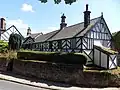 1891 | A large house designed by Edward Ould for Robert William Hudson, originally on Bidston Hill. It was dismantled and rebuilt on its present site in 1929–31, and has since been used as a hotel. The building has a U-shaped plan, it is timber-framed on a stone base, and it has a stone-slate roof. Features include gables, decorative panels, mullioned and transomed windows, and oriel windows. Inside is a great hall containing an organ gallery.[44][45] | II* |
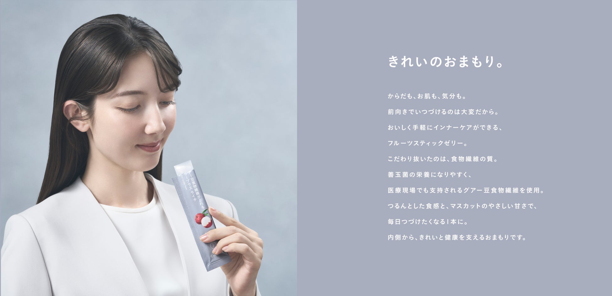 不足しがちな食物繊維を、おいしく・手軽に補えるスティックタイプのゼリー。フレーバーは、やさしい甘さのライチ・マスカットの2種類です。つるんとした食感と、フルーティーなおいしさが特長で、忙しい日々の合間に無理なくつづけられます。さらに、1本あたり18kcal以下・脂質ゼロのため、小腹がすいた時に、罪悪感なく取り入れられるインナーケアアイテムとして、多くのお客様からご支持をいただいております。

---*---

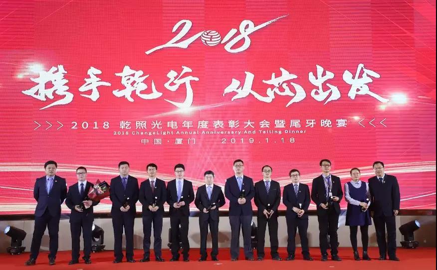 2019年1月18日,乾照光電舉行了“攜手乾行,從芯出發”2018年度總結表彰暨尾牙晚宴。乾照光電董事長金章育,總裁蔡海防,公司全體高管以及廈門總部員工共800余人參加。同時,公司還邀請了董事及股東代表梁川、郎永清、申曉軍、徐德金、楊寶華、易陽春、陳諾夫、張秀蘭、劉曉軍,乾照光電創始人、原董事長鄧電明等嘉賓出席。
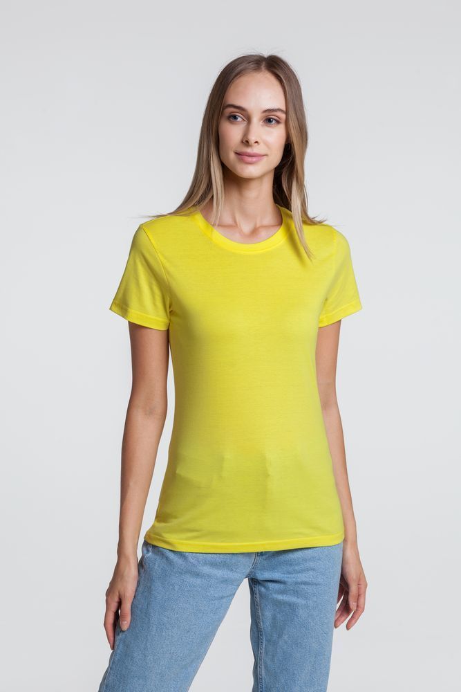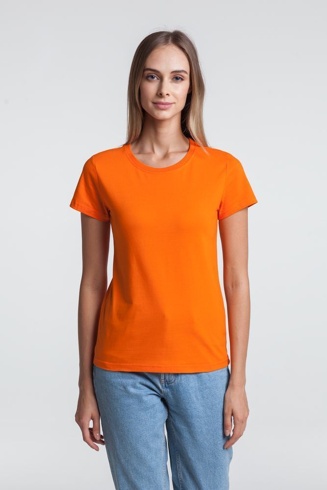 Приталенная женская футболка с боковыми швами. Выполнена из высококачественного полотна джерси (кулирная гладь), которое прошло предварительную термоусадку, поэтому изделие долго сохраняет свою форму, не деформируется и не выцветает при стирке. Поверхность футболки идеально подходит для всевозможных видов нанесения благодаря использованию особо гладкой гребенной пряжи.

---*---

- _Exercise description_: Set down, exactly as written above, each line from the one with "1891 | A large" through the one with "不足しがちな食物繊維を、おい", and skip the pictures.

- _Written reply_:
 1891 | A large house designed by Edward Ould for Robert William Hudson, originally on Bidston Hill. It was dismantled and rebuilt on its present site in 1929–31, and has since been used as a hotel. The building has a U-shaped plan, it is timber-framed on a stone base, and it has a stone-slate roof. Features include gables, decorative panels, mullioned and transomed windows, and oriel windows. Inside is a great hall containing an organ gallery.[44][45] | II* |
 不足しがちな食物繊維を、おいしく・手軽に補えるスティックタイプのゼリー。フレーバーは、やさしい甘さのライチ・マスカットの2種類です。つるんとした食感と、フルーティーなおいしさが特長で、忙しい日々の合間に無理なくつづけられます。さらに、1本あたり18kcal以下・脂質ゼロのため、小腹がすいた時に、罪悪感なく取り入れられるインナーケアアイテムとして、多くのお客様からご支持をいただいております。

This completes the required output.